The stock of the mortgage lender touched a fresh record high of Rs 2,327 per share, up 2 per cent intra-day on the BSE, surpassing its previous high of Rs 2,301 touched on July 5.

HDFC
SI Reporter Mumbai
3 min read Last Updated : Jul 18 2019 | 11:25 AM IST
Housing Development Finance Corporation (HDFC) on Thursday crossed Rs 4 trillion market capitalisation (m-cap)-mark for the first time after its shares hit a new high in an otherwise subdued market.

The stock of the mortgage lender touched a fresh record high of Rs 2,327 per share, up 2 per cent intra-day on the BSE, surpassing its previous high of Rs 2,301 touched on July 5.

At 10:32 am, HDFC was trading 1.6 per cent higher at Rs 2,324 with a market cap of Rs 4.01 trillion, the BSE data show. In comparison, the Sensex was trading lower by 0.11 per cent at 39,170 levels.

Previously, four companies have crossed this achievement—Reliance Industries (RIL), Tata Consultancy Services (TCS), HDFC Bank, ITC and Oil & Natural Gas Corporation (ONGC).

With this development, HDFC stands at fourth position in the overall m-cap ranking. RIL is India’s most valued company with the m-cap of Rs 8.08 trillion, followed by TCS and HDFC Bank at Rs 7.86 trillion and Rs 6.62 trillion, respectively.

Thus far in the calendar year 2019, HDFC has outperformed the market by surging 18 per cent as compared to a 9 per cent rise in the S&P BSE Sensex.

The Board of Directors of HDFC is scheduled to meet on August 2, 2019 to approve financial results for the quarter ended June 30, 2019 (Q1FY20). The board will also consider the issuance of secured redeemable non-convertible debentures (NCDs) aggregating Rs 45,000 crore on a private placement basis.

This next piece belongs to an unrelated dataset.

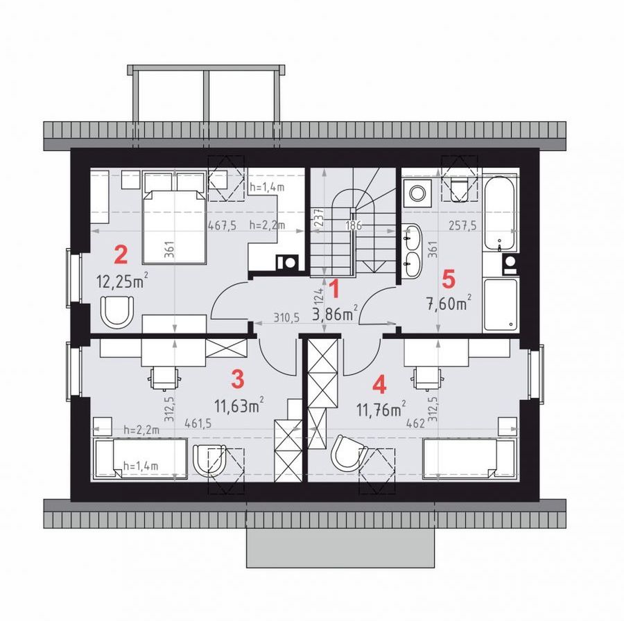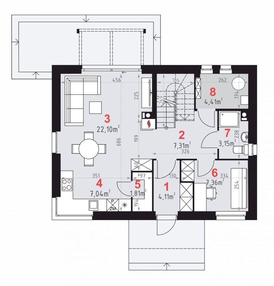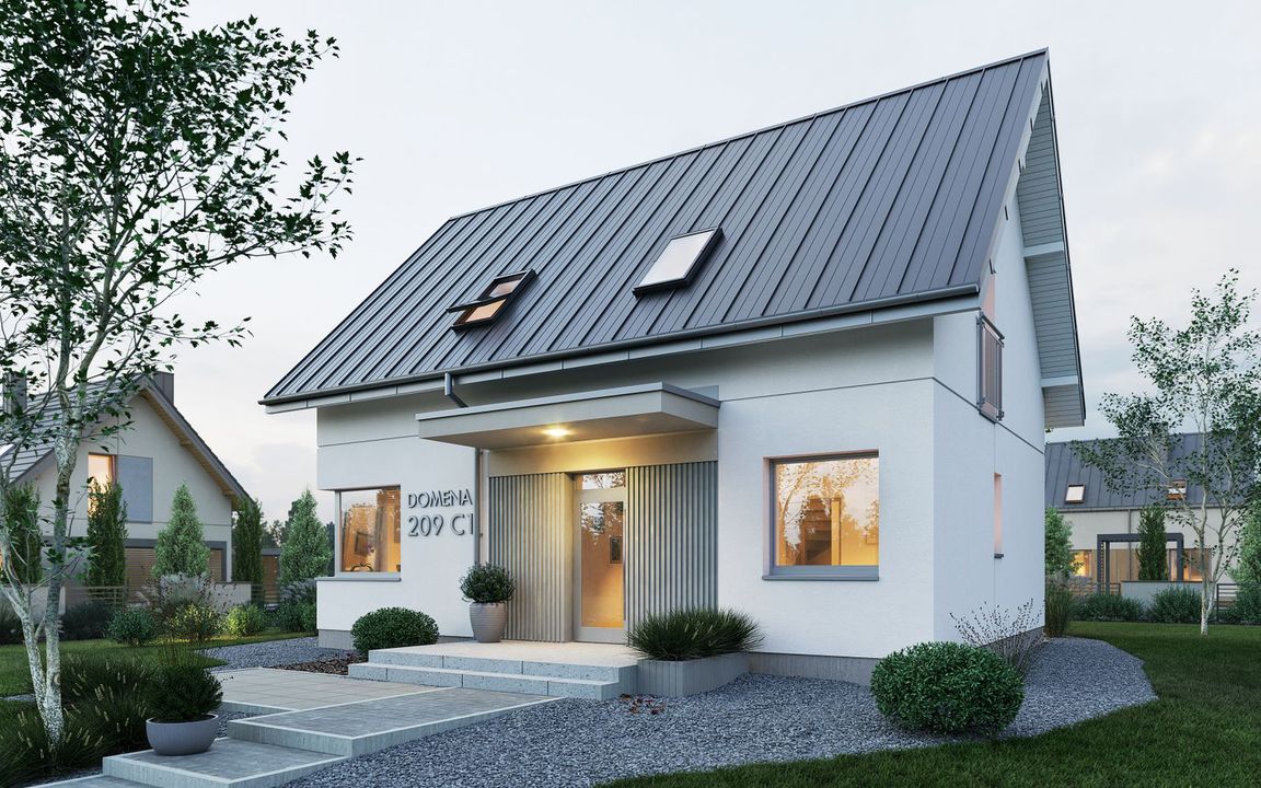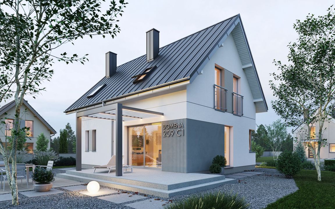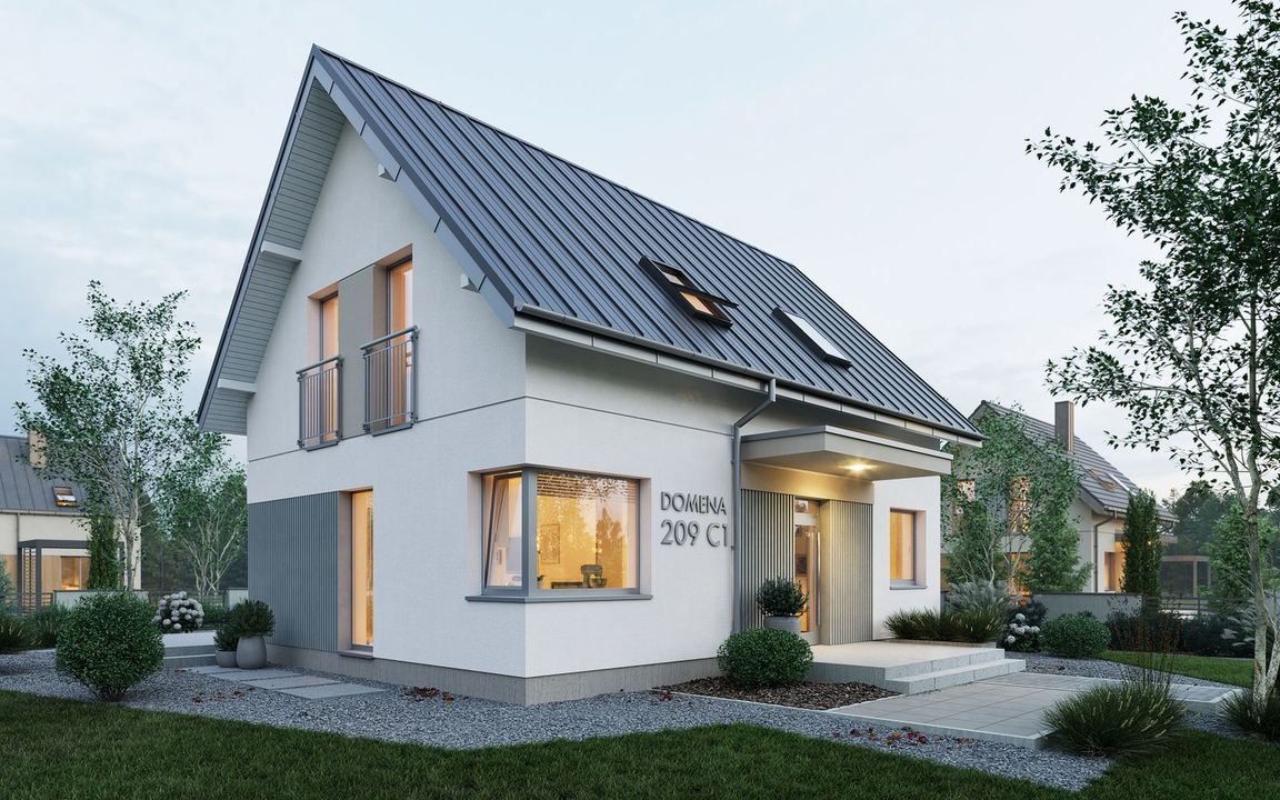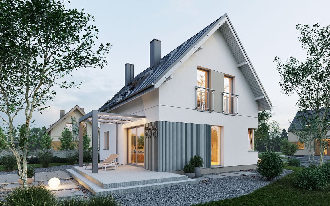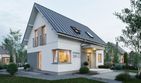 Graficzne opracowanie rzutów poglądowych widocznych na karcie projektu zostało wykonane przez Extradom.pl. Prezentowane przez Extradom.pl wizualizacje wykonane zostały przez autora projektu i należy poczytywać je jedynie za przykład i propozycję wykończenia, wizję architektoniczną autora projektu. Ostateczne wykończenie budynku może nastąpić na wiele sposobów. Szczegółowe rozwiązania zastosowane w oferowanej dokumentacji - w tym również ilość, lokalizacje i wygląd okien, drzwi, kominów - mogą w niewielkim stopniu różnić się od prezentowanej wizualizacji budynku.

HDFC maintains strong positioning and is expected to clock 15 per cent year on year (YoY) loan growth, as corporate book consolidates, according to Prabhudas Lilladher.

“While QoQ earnings stand tad moderate, YoY, profit after tax (PAT) is expected to clock 21 per cent YoY growth, primarily led by steady market share gains and stable asset quality. Improving spreads to help maintain NIMs (net interest margins) closer to 3 per cent levels despite sustenance of heavy liquidity on balance sheet,” the brokerage firm said in an earnings preview.

Furthermore, IDBI Capital expects HDFC’s loan growth to moderate to 13 per cent YoY and lower net interest income growth, due to pressure on spreads and higher PAT growth after factoring gain from sale of stake in Gruh Finance.

Analysts at JP Morgan remain ‘overweight’ on HDFC with March 2020 target price of Rs 2,600 per share. The foreign brokerage firm sees HDFC as a low-risk play on an improving underlying housing cycle. It believes HDFC’s book quality is one of the best among its mortgage peer group, and the company remains the lowest-cost mortgage provider in India.